→ **Supplied information**

*-*-*

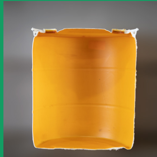
Inside stained but rinsed clean
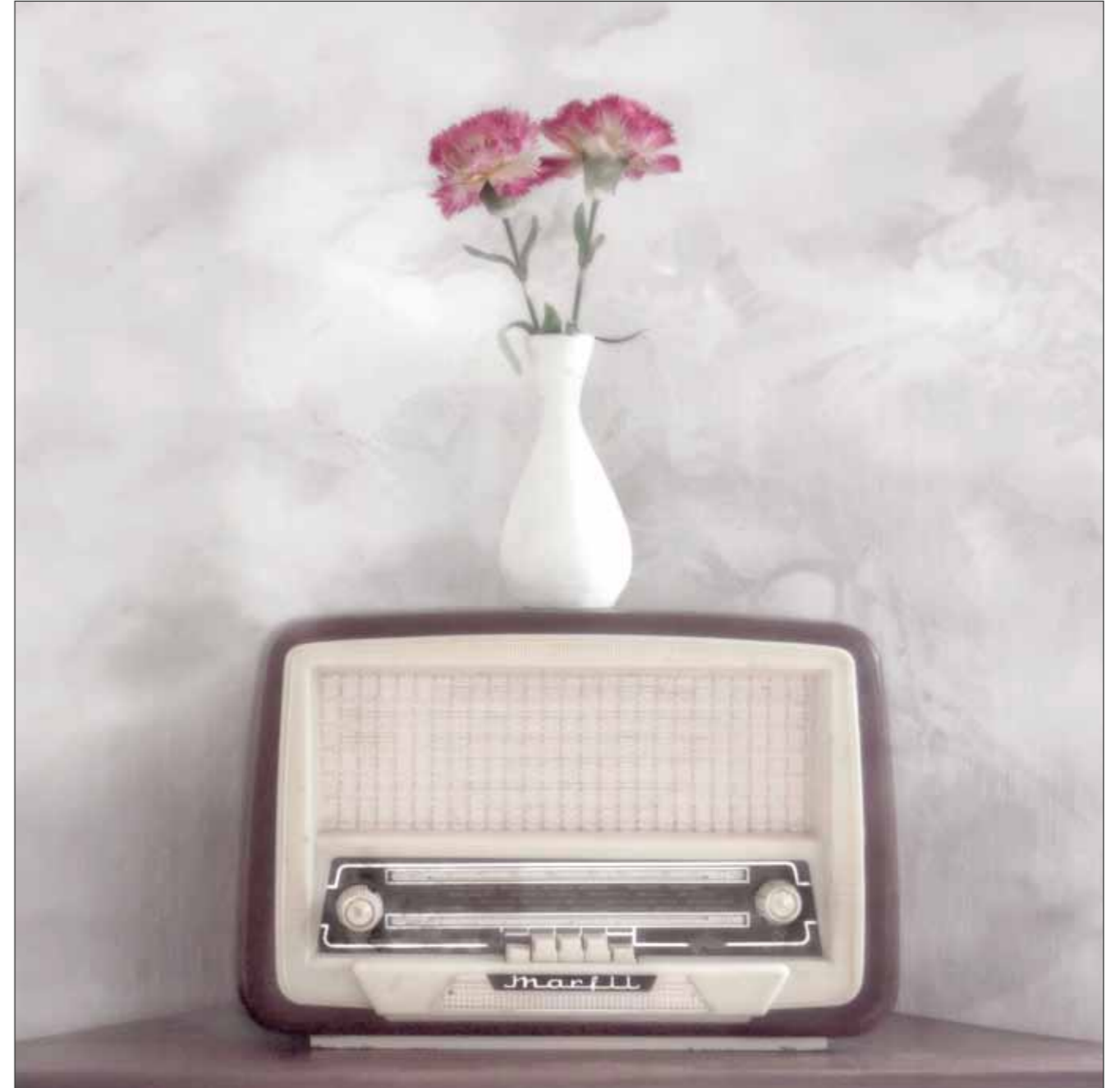
Gardeners Question Time
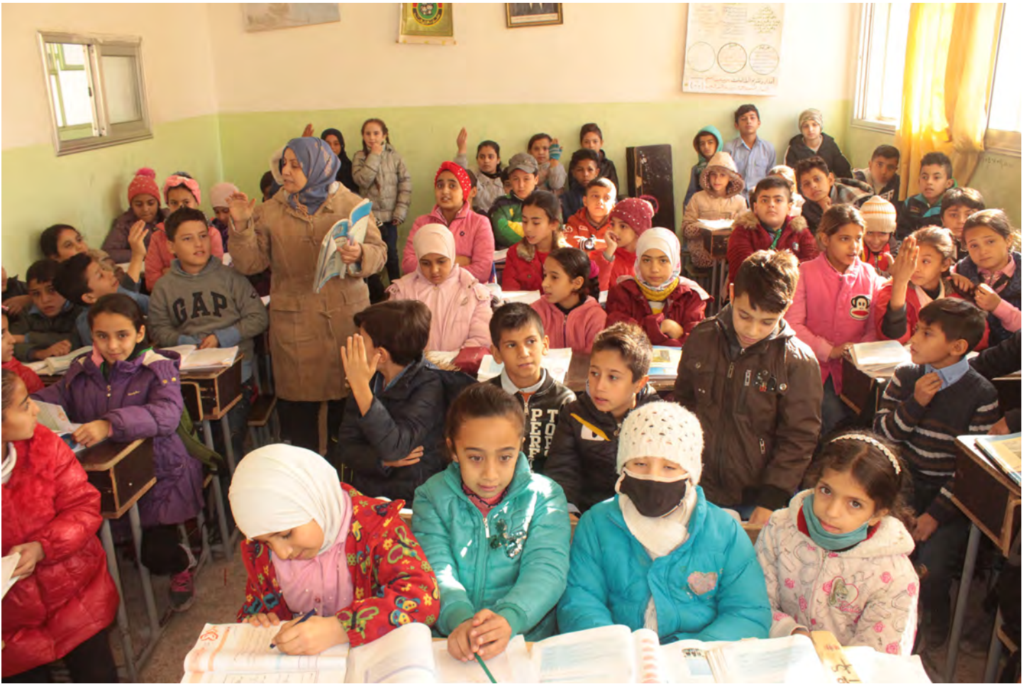
Photo above: Children are seen in a classroom in Hasakah Province in northeastern Syria on Nov. 19, 2020.

NES is characterized by large pockets of OOSC, with oversaturation of education service delivery in some formal camps for internally displaced persons (IDPs) using catch-up curriculum, while other informal settlements remain under-served. 69 Several of the country's largest IDP camps are located within this region. Approximately 1.4 million children and youth are in need of education services in AANES. 70 The various curricula taught (see Figure 1) designate the language of instruction for learners in AANES. As with NWS, lack of age-appropriate learning opportunities in NES has contributed to high rates of OOSC. 71 Activities using a catch-up curriculum are administered in English and Arabic, but authorities in AANES implement their own curricula in Kurdish 72 as well as in the Syriac language. 73 There is anecdotal evidence that administering Kurdish curricula in AANES has pushed some parents to move to the GoS-held part of al-Hasakah province in order to access the recognized, Arabic-language GoS

*-*-*

→ **What is required**
Note which lines carry the word "Hasakah" in the material, then copy each of them.

→ **Exercise result**
Photo above: Children are seen in a classroom in Hasakah Province in northeastern Syria on Nov. 19, 2020.
NES is characterized by large pockets of OOSC, with oversaturation of education service delivery in some formal camps for internally displaced persons (IDPs) using catch-up curriculum, while other informal settlements remain under-served. 69 Several of the country's largest IDP camps are located within this region. Approximately 1.4 million children and youth are in need of education services in AANES. 70 The various curricula taught (see Figure 1) designate the language of instruction for learners in AANES. As with NWS, lack of age-appropriate learning opportunities in NES has contributed to high rates of OOSC. 71 Activities using a catch-up curriculum are administered in English and Arabic, but authorities in AANES implement their own curricula in Kurdish 72 as well as in the Syriac language. 73 There is anecdotal evidence that administering Kurdish curricula in AANES has pushed some parents to move to the GoS-held part of al-Hasakah province in order to access the recognized, Arabic-language GoS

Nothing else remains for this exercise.